Most of the twentieth century modern Punjabi writers included in this collection were influenced by the Progressive Movement in Punjabi literature. The Progressive Movement, secular in nature, aimed to resist imperialism, feudalism, theism, caste and untouchability, communalism, and oppression of women.
In Punjab, the major centres of progressive literary activity in the 1930s were in Lahore and Amritsar. Gurbaksh Singh, an engineer who returned from the US after receiving his educational degree (and the first contributor in this volume), and later became a full-time writer, established Preet Nagar in Amritsar in 1935 (inspired by Tagore's vision of Shantiniketan) with an eclectic community that was inspired by his idealism and utopian vision. The Progressive Writers' Movement drew well-known Punjabi writers into its fold, both as cosmopolitan members and ideologues of modernism.
Besides the Marxist and Freudian interpretation of personal, social, economic, and political realities, literary movements like surrealism, expressionism, existentialism, structuralism, and post-modernism left a mark on Punjab's literary output, and yet it retained its cultural complexion. Humanism, nevertheless, remains a powerful thread in the Punjabi narrative tradition.

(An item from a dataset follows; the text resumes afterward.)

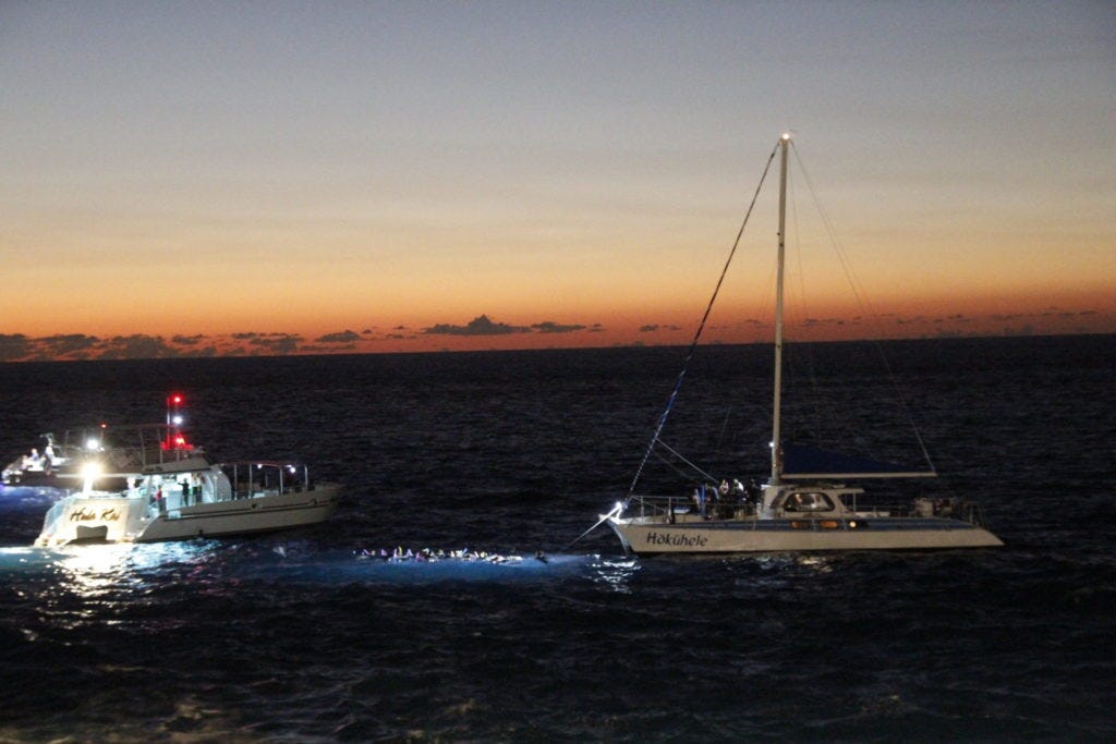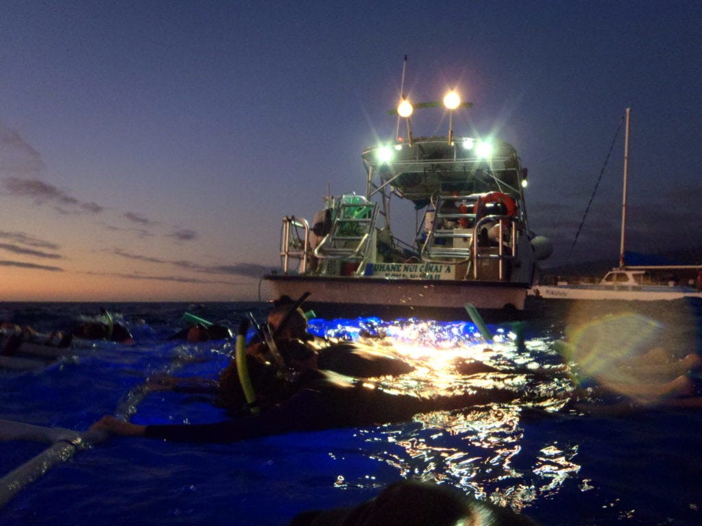 Manchmal packt unseren Jochen ja eine, sagen wir, etwas skurrile Form der Abenteuerlust. So auch auf Hawaii Island. In der Abenddämmerung – einen Tag später als geplant, denn zuvor wars zu stürmisch – ging es los. Allein schon die Anfahrt war geprägt von einer magischen Stimmung, die sich nur noch steigern sollte. Dann ging alles ganz schnell: das Boot strahlte ins Wasser, wodurch Plankton geködert wird, was wiederum die majestätischen Wasserwesen anlockt. Und so kam es denn, dass Jochen in die Tiefe des nächtlichen Ozeans blicke und ihm immer wieder Mantarochen mit weit aufgerissenem Schlund entgegenschwebten. Da kann man vor Aufregung schon mal ein bisschen – oder auch ein bisschen mehr – Meerwasser schlucken. Eine kuriose Mischung aus Angst, Ehrfurcht und vor allem Glück. Eine wundervolle Naturerfahrung, die alles andere, alles Negative in den Schatten stellt, alles überstrahlt. Reisemomente…

The Punjabi short story, merely a century old, is an important part of Punjabi modern literature. In the Punjabi sociocultural context, many aspects of human issues and concerns form its constituent elements and, symbolically, Punjabi philosophical thought and life-world emerges vividly through descriptive accounts. One must confess though that through translation these stories have acquired a new and different flavour.